Work to complete — Your task is to retype, exactly, the line containing "Diese handgefertigte Tasche" and every later line through the end of the listing, with pictures omitted.

Given information —
****
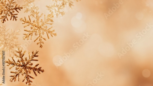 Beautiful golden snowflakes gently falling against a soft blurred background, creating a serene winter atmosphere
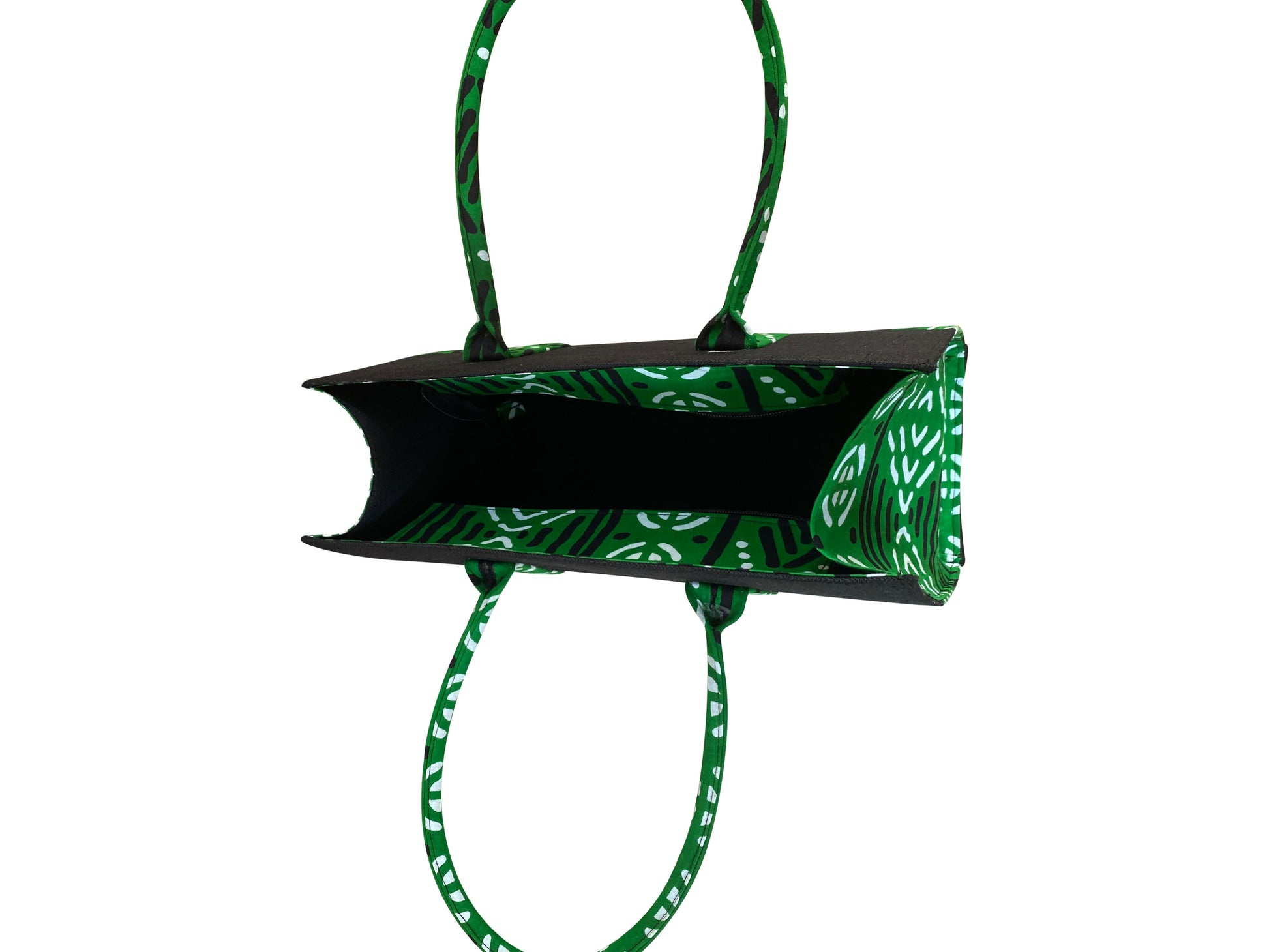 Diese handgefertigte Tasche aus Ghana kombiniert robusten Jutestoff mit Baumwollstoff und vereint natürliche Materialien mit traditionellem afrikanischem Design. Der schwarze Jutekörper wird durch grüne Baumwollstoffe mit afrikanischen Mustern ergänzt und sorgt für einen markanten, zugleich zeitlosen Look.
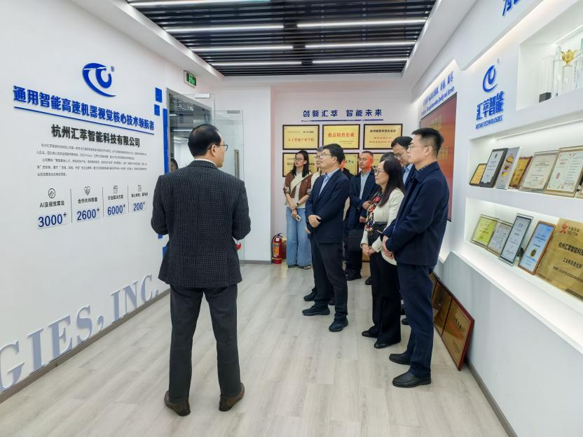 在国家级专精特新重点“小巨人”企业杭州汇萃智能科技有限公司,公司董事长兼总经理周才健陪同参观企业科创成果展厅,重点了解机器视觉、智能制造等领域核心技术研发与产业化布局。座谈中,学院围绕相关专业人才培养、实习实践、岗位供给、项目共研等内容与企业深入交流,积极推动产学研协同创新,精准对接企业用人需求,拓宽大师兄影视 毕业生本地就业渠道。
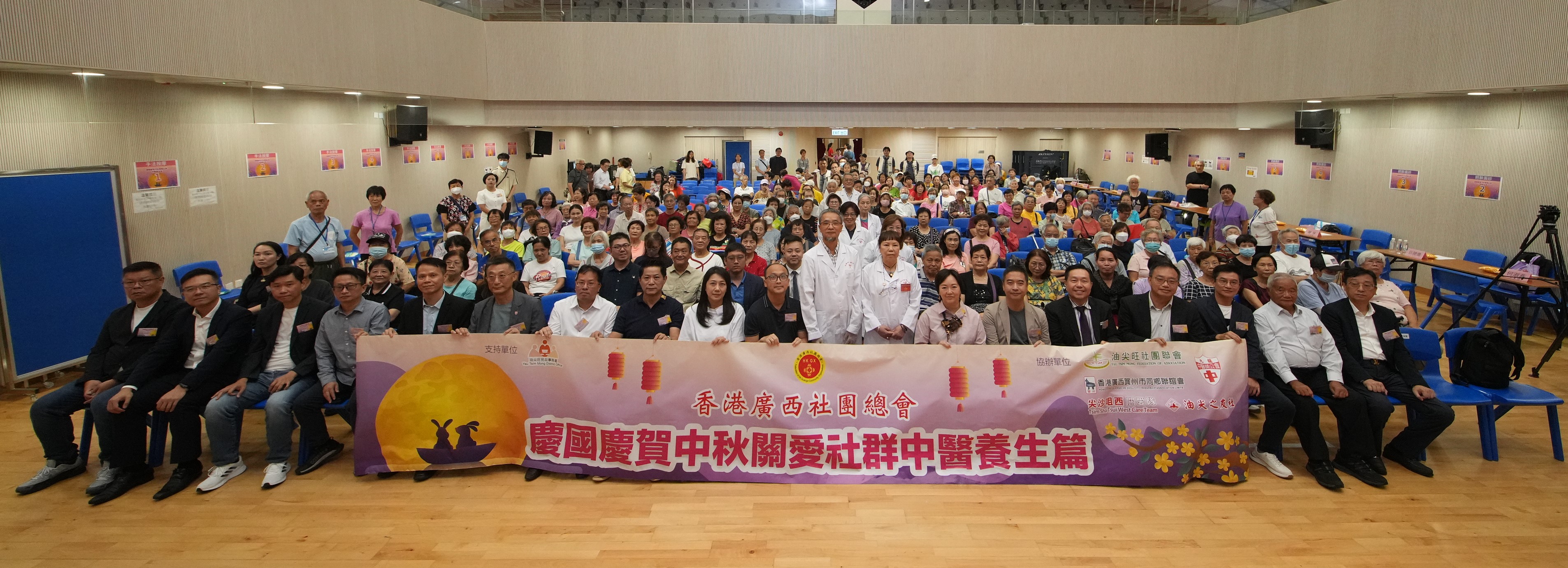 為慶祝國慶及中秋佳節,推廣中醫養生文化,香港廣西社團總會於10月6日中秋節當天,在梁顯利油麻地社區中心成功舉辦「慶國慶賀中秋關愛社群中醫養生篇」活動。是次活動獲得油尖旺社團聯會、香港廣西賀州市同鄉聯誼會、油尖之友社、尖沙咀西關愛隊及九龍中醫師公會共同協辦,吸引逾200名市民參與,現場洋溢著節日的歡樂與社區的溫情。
****
Expected answer —
 Diese handgefertigte Tasche aus Ghana kombiniert robusten Jutestoff mit Baumwollstoff und vereint natürliche Materialien mit traditionellem afrikanischem Design. Der schwarze Jutekörper wird durch grüne Baumwollstoffe mit afrikanischen Mustern ergänzt und sorgt für einen markanten, zugleich zeitlosen Look.
 在国家级专精特新重点“小巨人”企业杭州汇萃智能科技有限公司,公司董事长兼总经理周才健陪同参观企业科创成果展厅,重点了解机器视觉、智能制造等领域核心技术研发与产业化布局。座谈中,学院围绕相关专业人才培养、实习实践、岗位供给、项目共研等内容与企业深入交流,积极推动产学研协同创新,精准对接企业用人需求,拓宽大师兄影视 毕业生本地就业渠道。
 為慶祝國慶及中秋佳節,推廣中醫養生文化,香港廣西社團總會於10月6日中秋節當天,在梁顯利油麻地社區中心成功舉辦「慶國慶賀中秋關愛社群中醫養生篇」活動。是次活動獲得油尖旺社團聯會、香港廣西賀州市同鄉聯誼會、油尖之友社、尖沙咀西關愛隊及九龍中醫師公會共同協辦,吸引逾200名市民參與,現場洋溢著節日的歡樂與社區的溫情。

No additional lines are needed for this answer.